Amor propio o vanidad


Prócoro Hernández Oropeza

El amor propio, el amor por uno mismo está emparentado con la vanidad o el orgullo. Quien siente amor propio es diferente a amarse a sí mismo; el primero se refiere a aquella persona que se adora a sí misma, que se cree más bonita, más importante, más buena o justa. Se nutre del alimento egoico del más, lo que hace que esa persona se idolatre con locura.
En el segundo aspecto, amarse así mismo no es enamorarse de los aspectos externos, de su cuerpo o su personalidad; se reconoce que es una esencia divina, un ser de luz y por tanto se ama sin condiciones, al mismo tiempo que ama a otros en las mismas circunstancias. De lo contrario, aquella sentencia bíblica de Jesús: “Amaos los unos a los otros como yo los he amado”, no tendría sentido. Sin esa condición no se pueden alcanzar niveles superiores del amor: el amor desinteresado que da sin pedir nada ni recibir nada en cambio y después el amor incondicional, el Amor que da todo, incluso la propia vida… Un amor especial fraternal, por lo tanto, libre de celosías, envidias, no sentirse mejor que otros.
En respuesta a la pregunta que le hacen a Jesús sobre cuál es el primero de los mandamientos, Jesús responde: «El primero es: “Escucha Israel, el Señor, nuestro Dios, es el único Señor, y amarás al Señor tu Dios con todo tu corazón, con toda tu alma, con toda tu mente y con todas tus fuerzas”. El segundo es: “Amarás a tu prójimo como a ti mismo”. En estos mandamientos se resumen los ocho posteriores, de tal caso que no existe otro mandamiento mayor que éstos.
El apóstol san Pablo lo recuerda: «El que ama al prójimo ha cumplido la ley. En efecto, lo de: no adulterarás, no matarás, no robarás, no codiciarás y todos los demás preceptos, se resumen en esta fórmula: amarás a tu prójimo como a ti mismo. La caridad no hace mal al prójimo. La caridad es, por tanto, la ley en su plenitud» (Rm 13, 8-10).
Cuando expresamos amor propio, es el yo quien goza cuando la gente le admira, lo idolatra, lo venera. Es decir, el yo se adorna para que otros le adoren. Por ella la mujer o el hombre se ponen ante el espejo y se adornan lo mejor que pueden, se peinan, se ponen gel, perfume, buena ropa, se pintan y se vanaglorian, con el único afán de quedar bien con el otro o los otros o con la finalidad de que los demás les digan: ¡eres hermosa, eres bella eres divina!

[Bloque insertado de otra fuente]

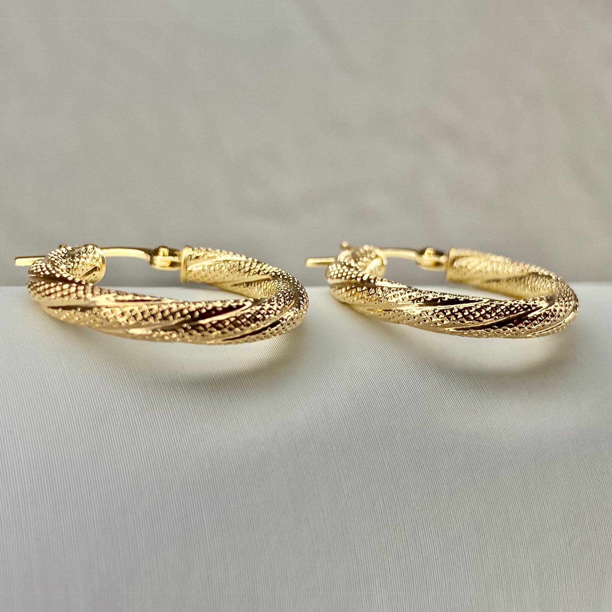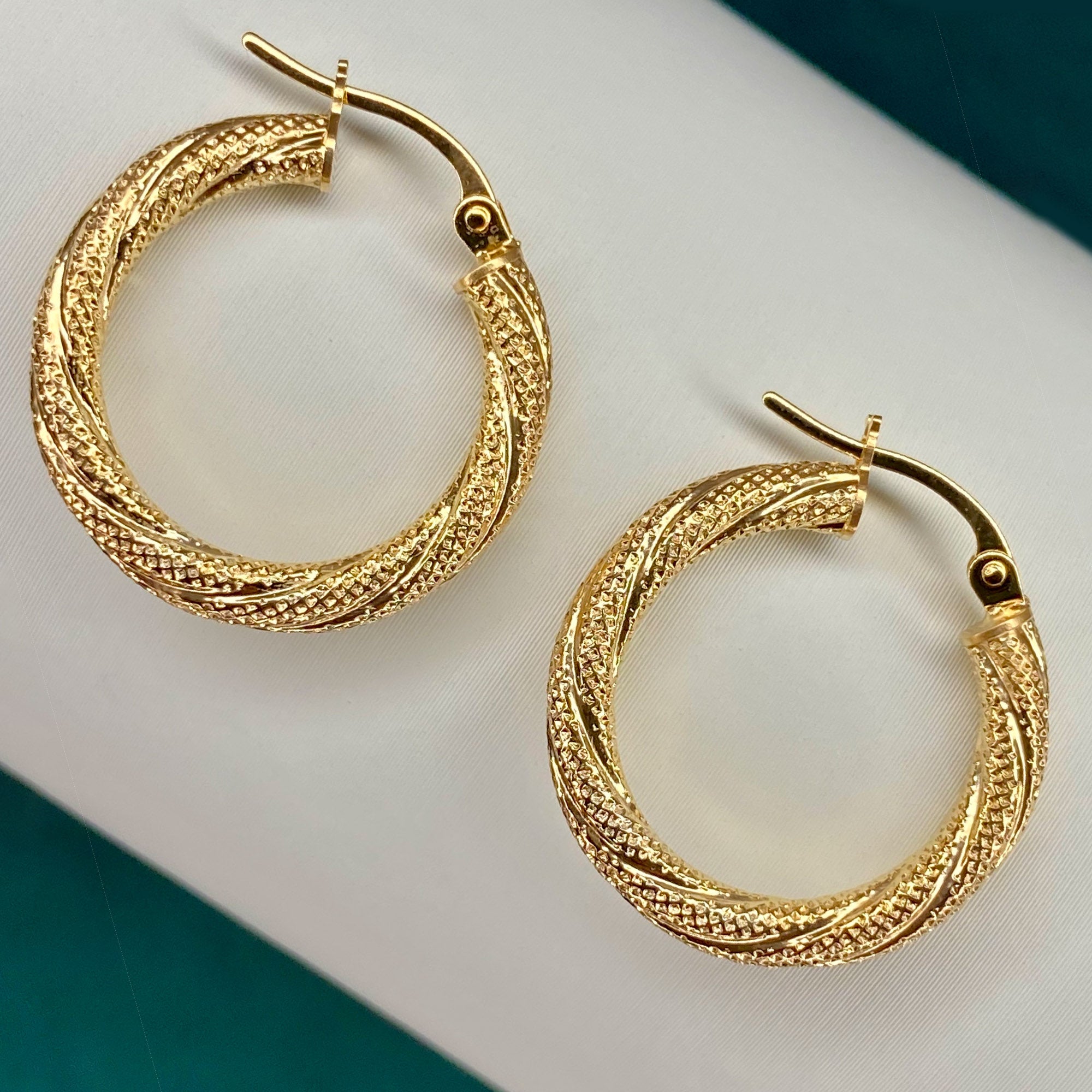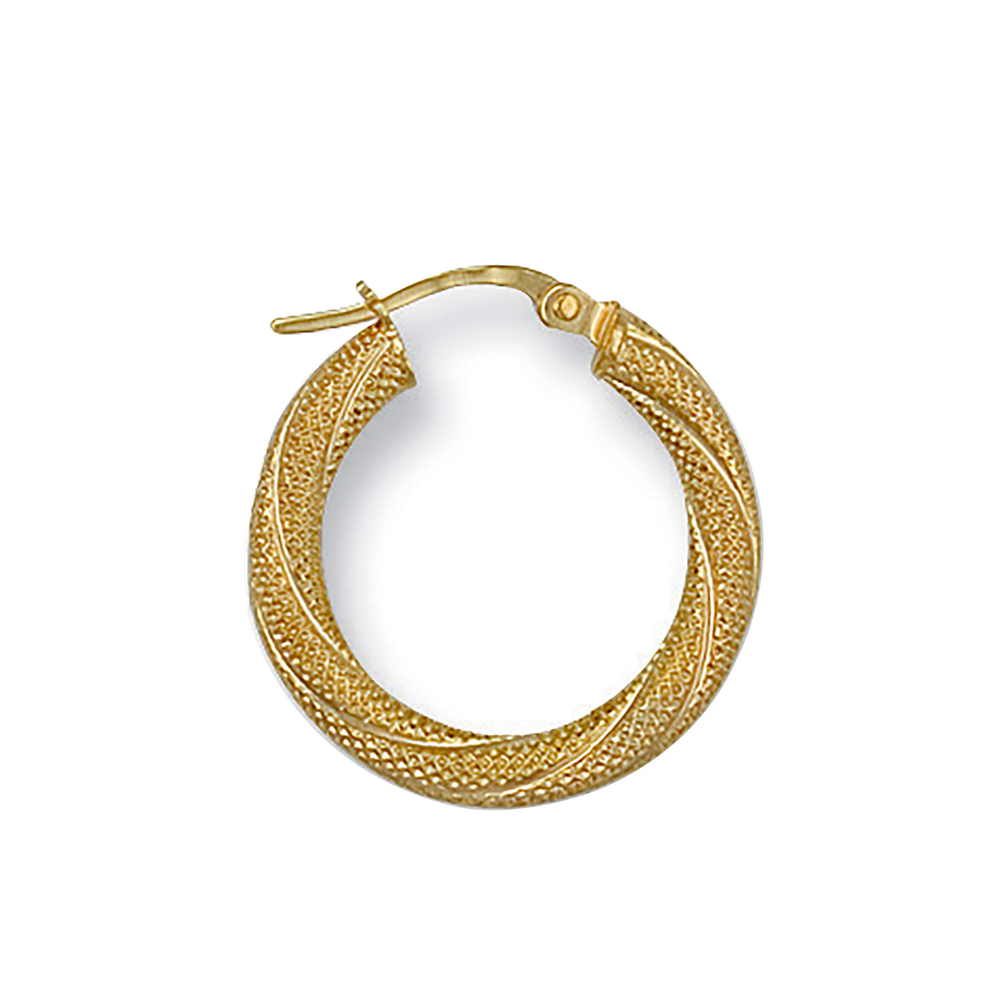 9ct solid Gold Frosted Twisted Hoop Earrings 21mm
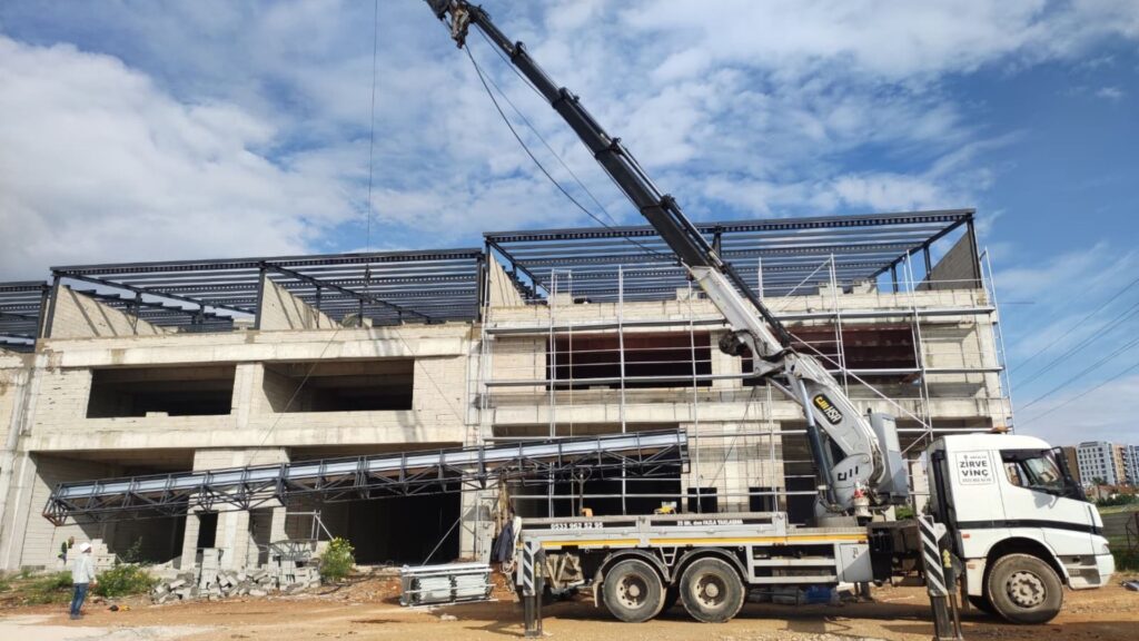 Antalya Zirve Vinç ile çelik çatı konstrüksiyonlarınız artık daha hızlı ve güvenli! Montaj ve söküm işlemlerini profesyonel ekibimizle, en yüksek hassasiyet ve kalite standartlarında gerçekleştiriyoruz. Projelerinizin sorunsuz ilerlemesi için yanınızdayız.
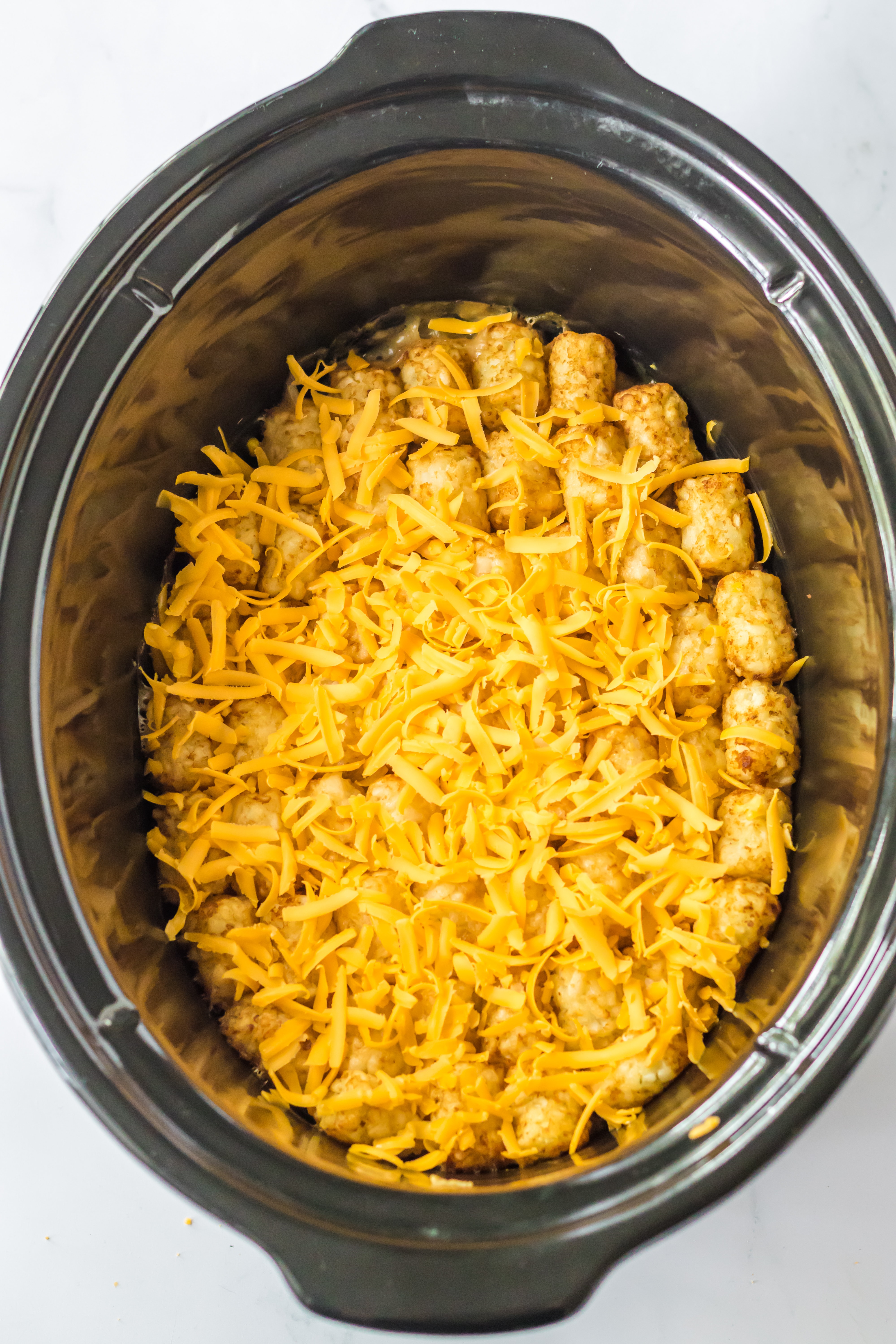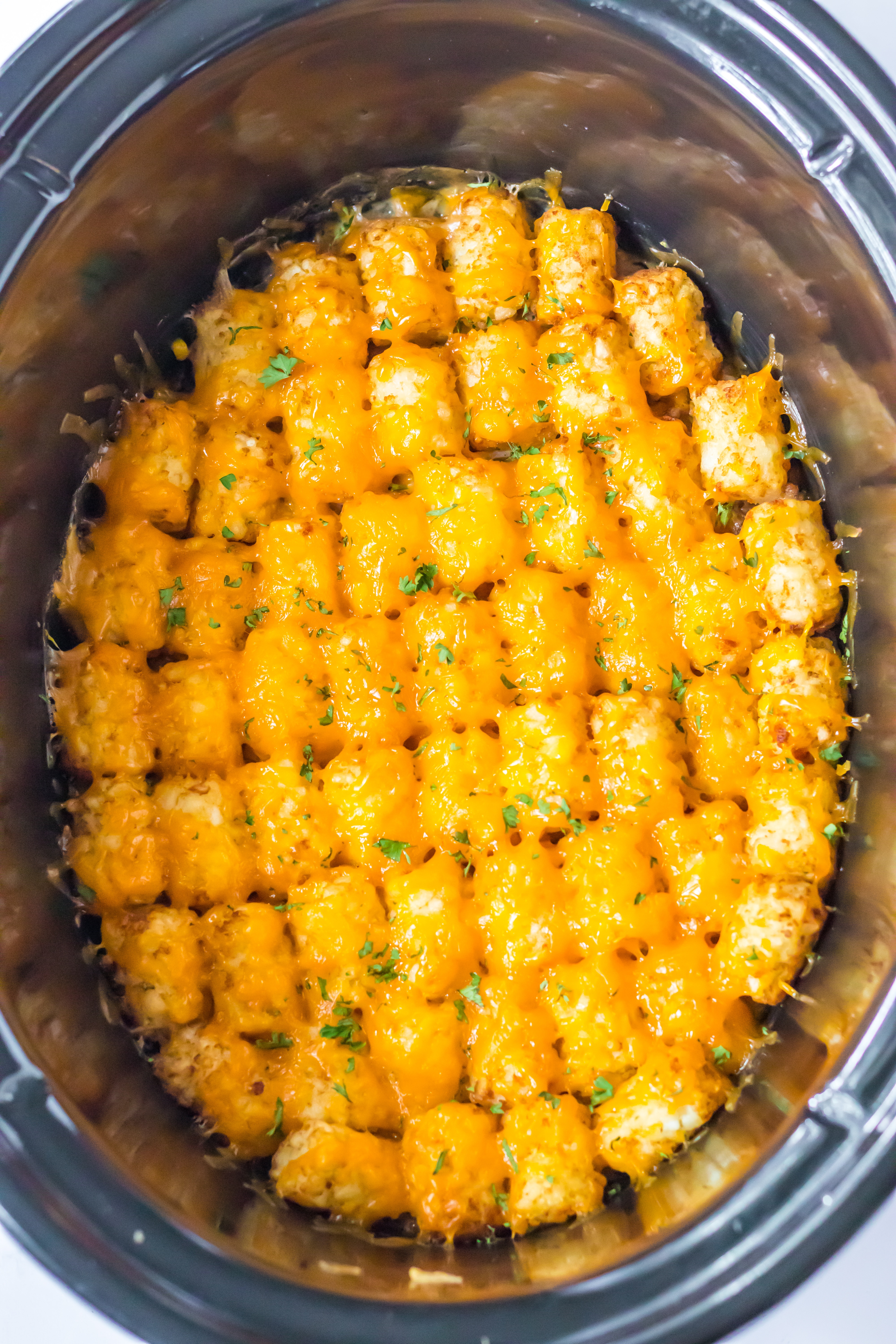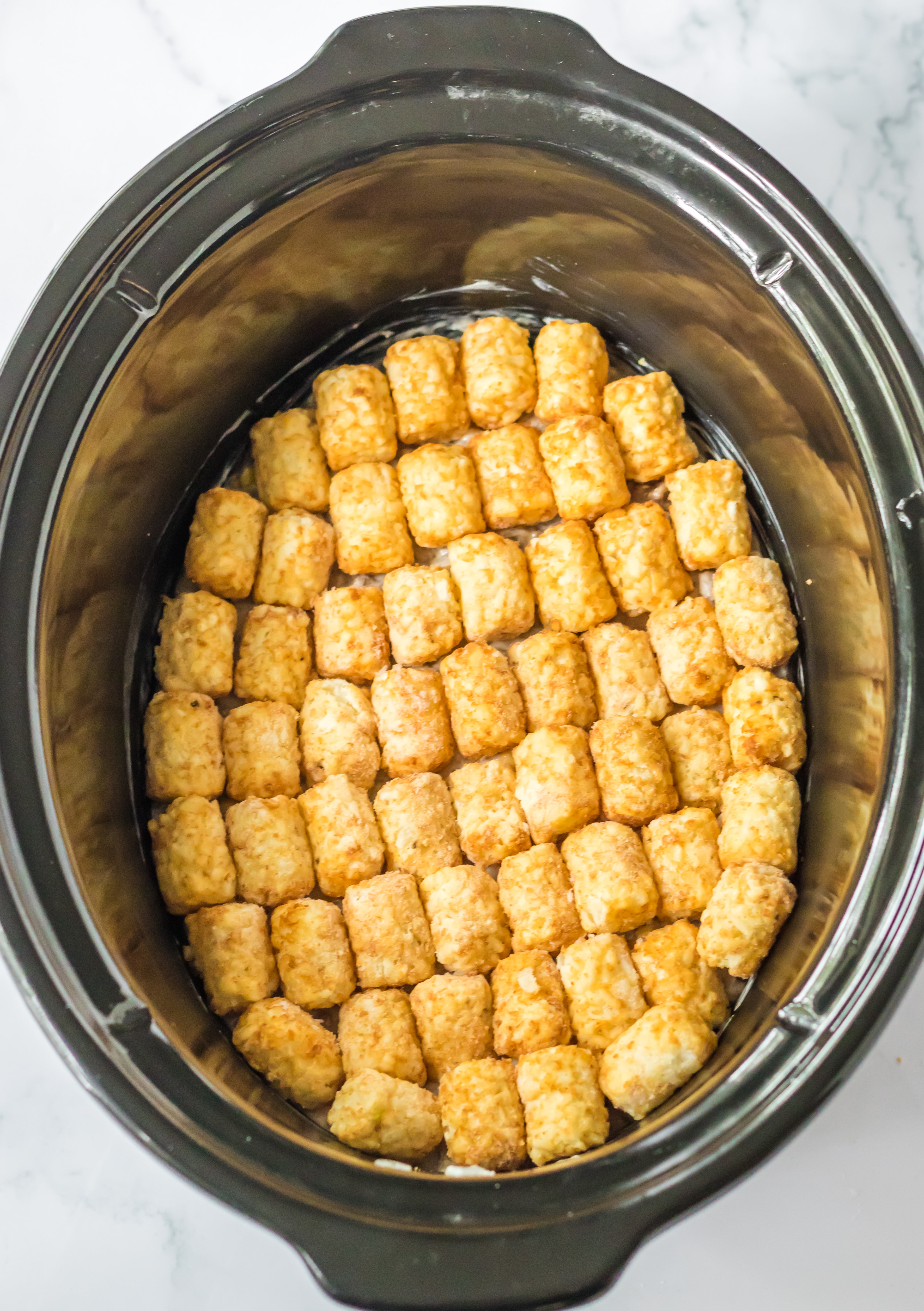 - Top with a single layer of tatertots.

Ante el espejo cada persona revive, le da vida a aquel joven de la mitología griega llamado Narciso. Como todos le decían que era guapo, hermoso, varonil y decenas de epítetos, eso fue sembrando su ego de la vanidad. Como el oráculo le había dicho a su madre que Narciso (de donde se deriva la palabra narcisista) iba a ser una persona muy especial, le prohibió el uso de espejos, pero la gente que le veía se convirtió en su espejo y todos le decían cómo se veía físicamente. El día que vio su rostro en un lago quedó prendido de él, se enamoró de sí mismo, de tal suerte que no se desprendió de su imagen ni de día ni de noche, hasta que murió. Ese mito nos refleja con gran certeza cómo se manifiesta en nosotros el ego del orgullo o vanidad y moriremos como Narciso si nos enamoramos de nuestro cuerpo, de nuestra personalidad. Esa muerte no es física, es la muerte espiritual.
En el amor propio nadie se cree malo, todas las gentes se auto consideran buenas y justas y llega a aborrecer a todo aquel que le hieran el amor propio. Y cuando aborrecemos a alguien si motivo alguno, sencillamente ese alguien está personificando algunos de los errores que cargamos muy escondidos en nuestra psique, se convierten en nuestros verdaderos espejos. La verdad es que los errores que en otros achacamos los llevamos nosotros muy adentro.